Using $\epsilon_*$ as the starting point of Newton method for solving $F(\epsilon_*)=0$, by Darboux theorem, we should face one overshoot of the solution as soon as $\lambda >4$.
Now, it is probably time for some calculations $$\left( \begin{array}{ccc} \lambda & \epsilon_* & I_{\text{min}} & \epsilon_{\text{min}} \\ 1.0 & 0.747537 & 1.57080& 1.000000 \\ 1.5 & 0.707936 & 1.90443& 0.818125 \\ 2.0 & 0.662338 & 2.15824& 0.713646 \\ 2.5 & 0.618508 & 2.36458& 0.645006 \\ 3.0 & 0.580530 & 2.53956& 0.595829 \\ 3.5 & 0.548739 & 2.69225& 0.558447 \\ 4.0 & 0.522167 & 2.82824& 0.528801 \\ 4.5 & 0.499737 & 2.95121& 0.504535 \\ 5.0 & 0.480557 & 3.06372& 0.484183 \\ 5.5 & 0.463945 & 3.16765& 0.466783 \\ 6.0 & 0.449389 & 3.26436& 0.451672 \\ 6.5 & 0.436501 & 3.35494& 0.438381 \\ 7.0 & 0.424986 & 3.44022& 0.426562 \\ 7.5 & 0.414615 & 3.52087& 0.415958 \\ 8.0 & 0.405208 & 3.59745& 0.406368 \\ 8.5 & 0.396623 & 3.67040& 0.397636 \\ 9.0 & 0.388744 & 3.74010& 0.389637 \\ 9.5 & 0.381477 & 3.80688& 0.382272 \\ 10.0 & 0.374746 & 3.87101& 0.375458 \end{array} \right)$$
You could easily make some empirical curve fit of the exact values of $\epsilon$ for generating better estimates for the iterative methods. $$\epsilon_0=1-\frac{0.457127 (\lambda-1)}{1+0.628628 (\lambda-1)}$$ could be a good starting point (at least for $1 \leq \lambda \leq 10$ - for which $R^2=0.999948$) .

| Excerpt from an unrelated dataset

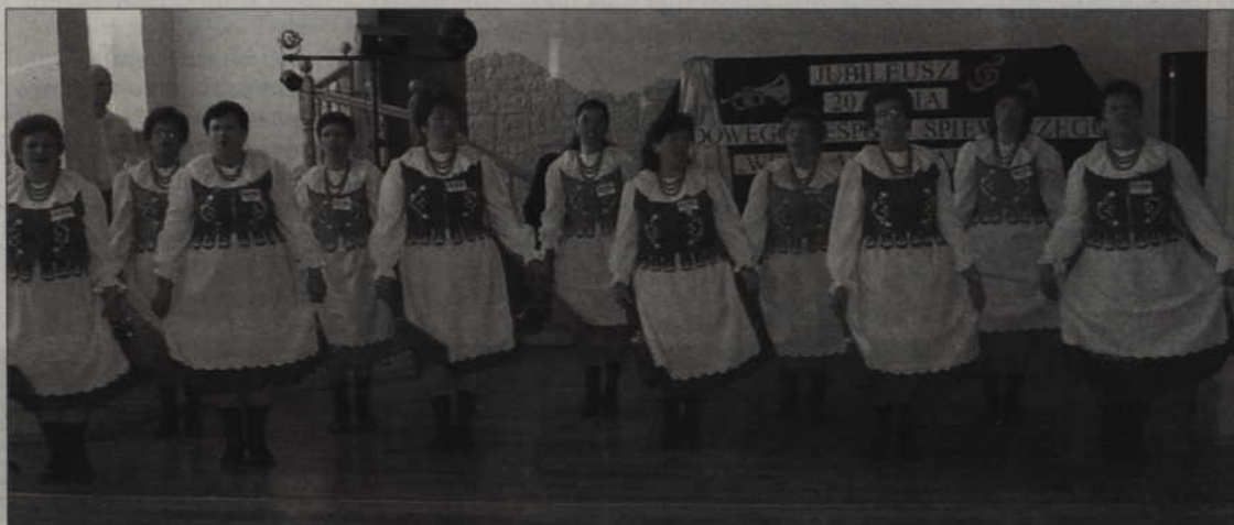
Ludowy Zespół Śpiewaczy „Wesoła Gromadka” z Tychnów, obchodził swoje 20 urodziny.

- Wszystkie życzenia, które otrzymałyśmy od tak wielu ludzi, to zachęta do dalszej pracy. Cieszymy się, że są osoby, które nas słuchają. Daje nam to siłę do tego, aby nadal śpiewać.

Even with the poor estimate $\epsilon_0$ when $\lambda$ is small, using Newton, Halley or Householder methods does not make any problem. For example, for $\lambda=2$, the iterates are $$\left( \begin{array}{cccc} n & \text{Newton} & \text{Halley} & \text{Householder} \\ 0 & 0.662338 & 0.662338 & 0.662338 \\ 1 & 0.708735 & 0.712290 & 0.713415 \\ 2 & 0.713573 & 0.713645 & 0.713646 \\ 3 & 0.713645 & 0.713646 & \\ 4 & 0.713646 & & \end{array} \right)$$
It seems that something as simple as $$\epsilon_* \sim \frac{0.415681 \lambda+2.10534}{1.54228 \lambda+1}\qquad \qquad (R^2=0.999957)$$ will allow a very fast convergence of Newton method.